За раскрытыми окнами (подоконник низкий) стояли и слушали разные люди. Надя подошла. Захлопнула резко окно. И второе тоже. Только что стекла не выпали, а зрители-слушатели отшатнулись разом.В цехе – грохот привычный. Вся эта музыка обыкновенная.

Уже открыли буфет – обеденный перерыв скоро. Покупают колбасу, булки, кефир.

Надя! – на ходу остановила ее Вера Разнова, слесарь из ее бригады.

– Что тебе? – хмуро спросила Надя.

Из милиции звонили! – сбиваясь, говорила Вера. – Лизу на вокзале забрали!

Оставьте меня в покое! Забрали – и очень хорошо.

Надя!..

Что – Надя?

Всю ночь сидит! – вздохнула Вера.

Из какой милиции звонили? – спросила Надя хмуро.

Неразборчиво говорили, Григорий Матвеевич все записал.

По коллектору в кабинете начальника цеха передали:

Первый цех... Смолиной немедленно зайти к секретарю парткома. Смолиной – к секретарю парткома.

Надя шли сначала двором, между майских, зеленеющих свежо деревьев, мимо корпусов, по аллее.

По дороге ее поймал на ходу Костя. Но Надя даже не остановилась. Пошли рядом.

Ты обедала? – спросил Костя.

Тебе-то что?

Я по селектору слышал, – сказал Костя. – В чем дело?

Не знаю я, в чем дело. Надо дочку к маме везти, а то свихнешься ото всех этих забот, – сказала Надя.

– Купи мне какую-нибудь булку, что ли, и молока и вот здесь посиди. Я скоро. Сам-то поел чего-нибудь?

Ладно, ты иди, – сказал Костя. – Вот эта скамеечка, запомнишь? Напротив клумбы.
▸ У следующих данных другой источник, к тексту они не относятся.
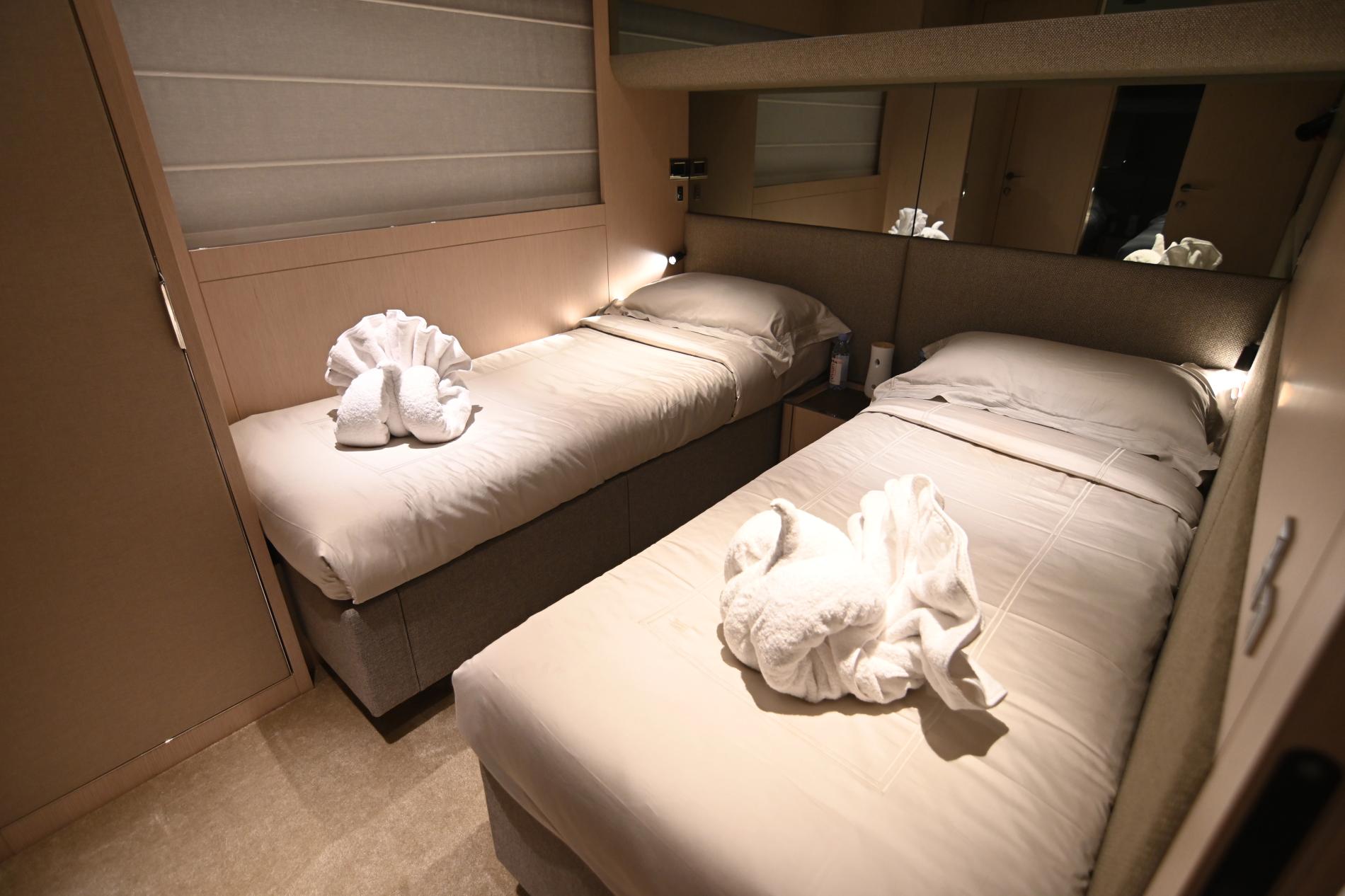 Joyous Journey redefines the 78-foot category with sleek Italian design, a four-cabin layout, and generous outdoor decks ideal for entertaining. Perfect for both weekend escapes and longer cruises, she offers an effortless blend of joy, style, and performance.
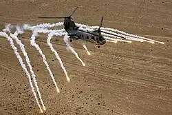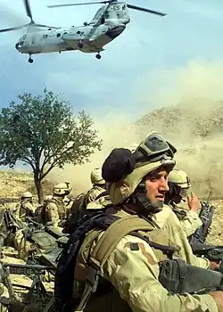 CH-46E Sea Knights were also used by the U.S. Marine Corps during the 2003 invasion of Iraq. In one incident on 1 April 2003, Marine CH-46Es and CH-53Es carried U.S. Army Rangers and Special Operations troops on an extraction mission for captured Army Private Jessica Lynch from an Iraqi hospital.[24] During the subsequent occupation of Iraq and counter-insurgency operations, the CH-46E was heavily used in the CASEVAC role, being required to maintain 24/7 availability regardless of conditions.[25] According to authors Williamson Murray and Robert H Scales, the Sea Knight displayed serious reliability and maintenance problems during its deployment to Iraq, as well as "limited lift capabilities".[26] Following the loss of numerous US helicopters in the Iraqi theatre, the Marines opted to equip their CH-46s with more advanced anti-missile countermeasures.[27]
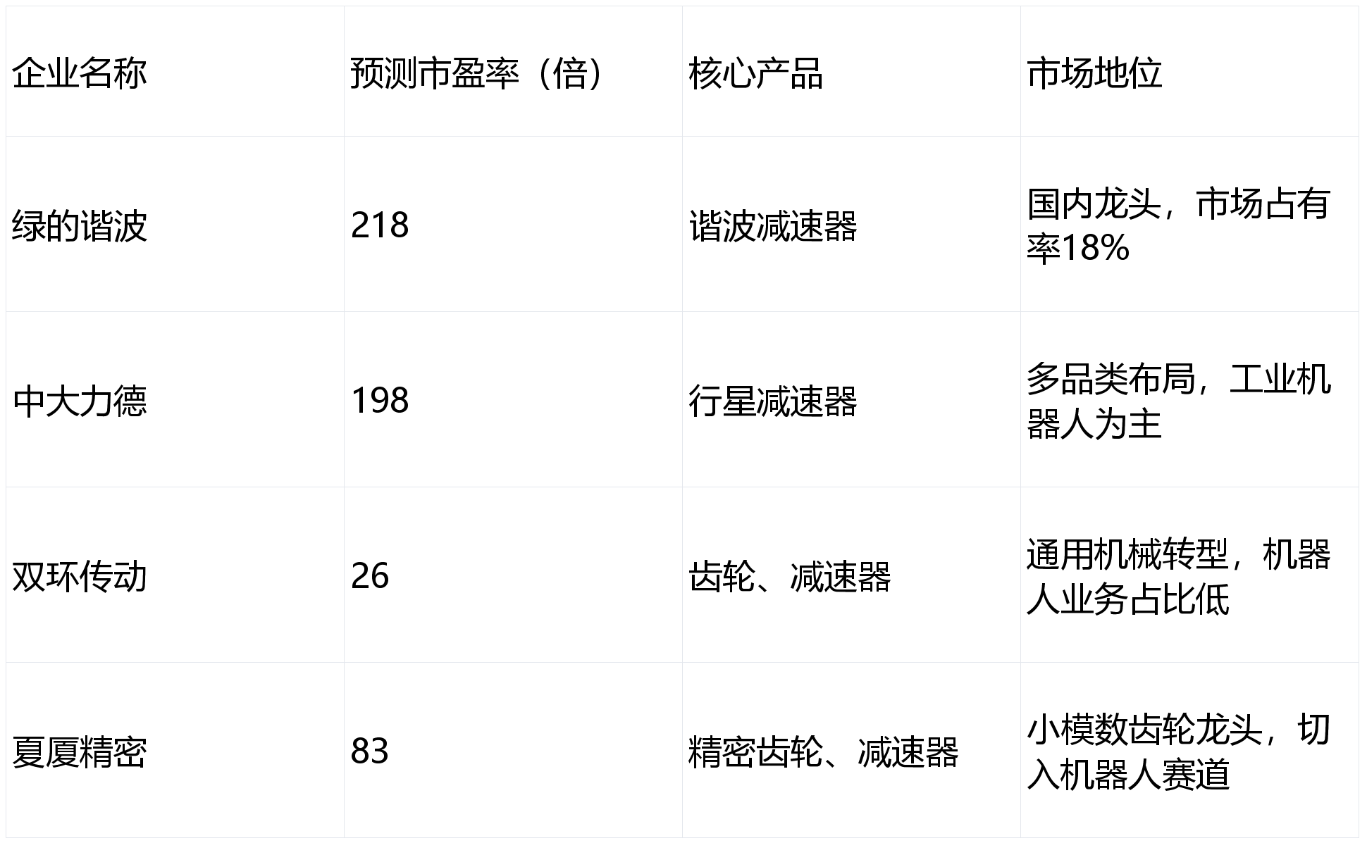 减速器:绿的谐波(国内龙头,市场拥有率18%,谐波减速器标杆)、中鼎力德(多品类结构,笼盖、RV减速器)、双环传动(RV减速器手艺冲破,沉负载场景适配)、夏厦细密(小模数齿轮龙头,切入机械人减速器配套)?。
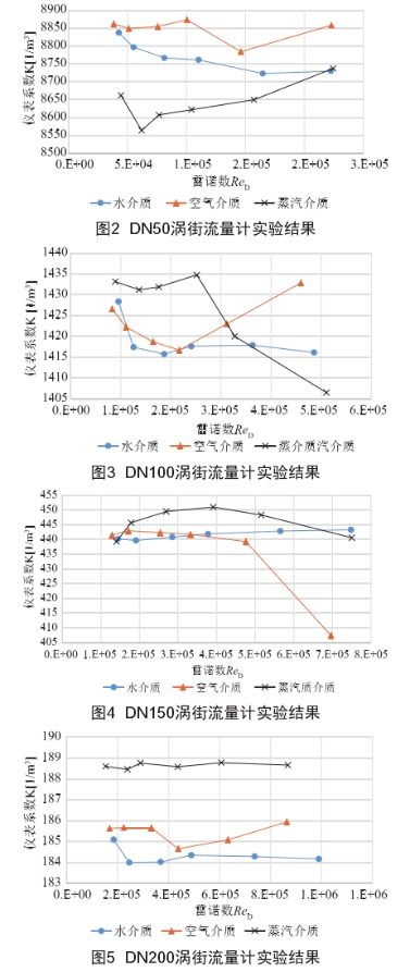 按照2.3中(zhong)的實驗方案對四(sì)台不同口徑的渦(wo)街流.量計在👅水、空(kōng)氣、蒸汽三種介質(zhi)下進行儀表系數(shù)實流标定實驗,實(shí)驗結果如圖2~5所示(shi)。
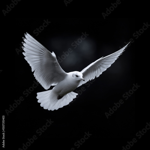 White bird soaring against dark background

Иди...

...Секретарь парткома ждал Надю на скамеечке в тени – жаркий был день. Секретарю было лет сорок, не больше. Был он в светлом пиджаке, в белой рубашке без галстука, и вообще выглядел празднично.

Ну что? – Надя присела рядом.

Жара, – сказал секретарь, а звали его Гришей.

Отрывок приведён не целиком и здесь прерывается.